TEMPO.CO, Jakarta - Pengamat terorisme, Al Chaidar, menilai pemblokiran sejumlah situs dianggap radikal oleh Kementerian Komunikasi dan Informatika tak relevan dengan upaya penanggulangan terorisme. Tindakan itu justru melanggar aturan. "Ini sama saja kembali ke rezim Orde Baru," ujar Chaidar saat dihubungi, Selasa, 31 Maret 2015.
Chaidar mengatakan Kementerian tak punya payung hukum dalam menutup situs yang dianggap menyebarkan radikalisme. Menurut dia, yang berhak menilai suatu situs mengandung konten radikal atau tidak adalah pengadilan dan Mahkamah Agung dalam putusannya. Bahkan, tutur dia, bila suatu situs dianggap berbahaya dan mengganggu kedaulatan negara, Kementerian bisa meminta pertimbangan Mahkamah Konstitusi.
Sebelum menutup situs bermuatan radikalisme, Kementerian, menurut Chaidar, harus menyiapkan dulu aturannya.

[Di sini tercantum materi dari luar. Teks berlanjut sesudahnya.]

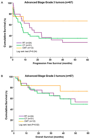 Survival of 67 patients with grade 3 tumors, stratified by different adjuvant modalities. (A) Progression-free survival; (B) overall survival.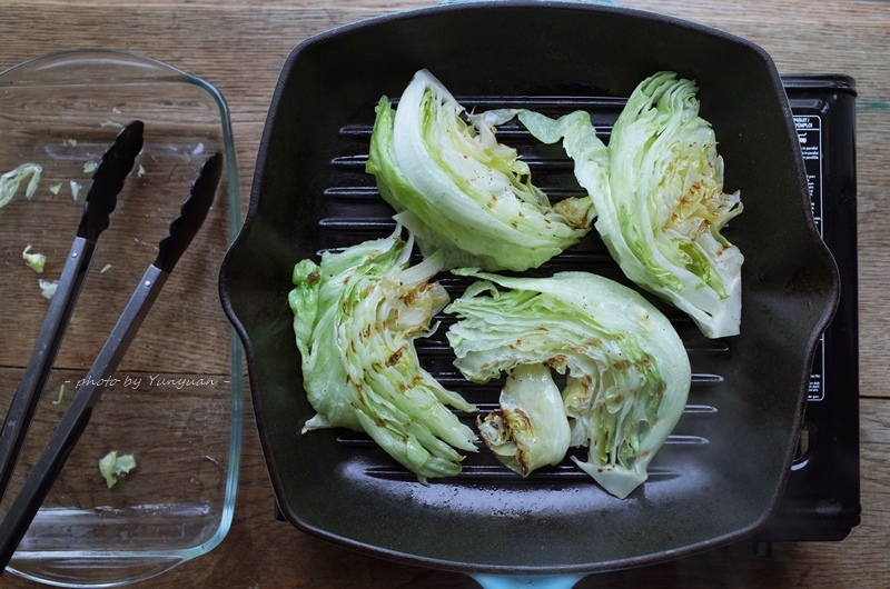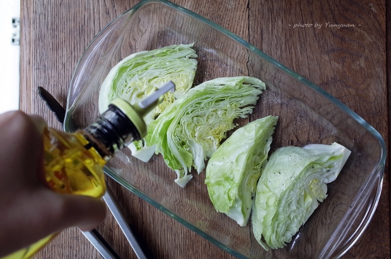 美生菜一顆剖成八片,要注意蔬菜頭的部分不要摘除,盡量讓葉片連接著頭的部分,烹調的過程中才不會容易散開。大方地淋上橄欖油,確認生菜的兩面都沾上油分。

Bila perlu, pemerintah menyiapkan undang-undang tentang penyebaran paham terorisme. Hal ini berbeda dengan dasar Kementerian dalam memblokir situs porno. "Kalau pornografi, kan, sudah jelas ada aturannya."
Chaidar mengakui saat ini ada sejumlah situs radikal. Situs itu terkadang berisi hasutan untuk saling membenci. Pemerintah, kata dia, bisa memproses situs-situs bermasalah ini dengan menempuh jalur hukum. Kementerian bisa melaporkan ke polisi dengan aduan pelanggaran Undang-Undang ITE.
Bahkan pemerintah, menurut dia, bisa menempuh cara persuasif dengan mendatangi pengelola situs yang dianggap bermasalah. "Kalau sekarang, caranya terlalu radikal dan otoriter."
Sebelumnya, juru bicara Kementerian, Ismail Cawaidu, mengatakan lembaganya sudah mengirim surat ke penyelenggara jasa Internet (Internet service provider) untuk meminta memblokir 19 situs yang terindikasi memuat konten radikal. Permintaan itu berasal dari Badan Nasional Penanggulangan Terorisme. Hingga awal pekan lalu, sudah ada 70 situs radikal yang diblokir ISP.
Beberapa situs yang telah diblokir antara lain Arrahmah.com, Voa-islam.com, Ghur4ba.blogspot.com, Panjimas.com, Thoriquna.com, Dakwatuna.com, Kafilahmujahid.com, An-najah.net, dan Muslimdaily.net.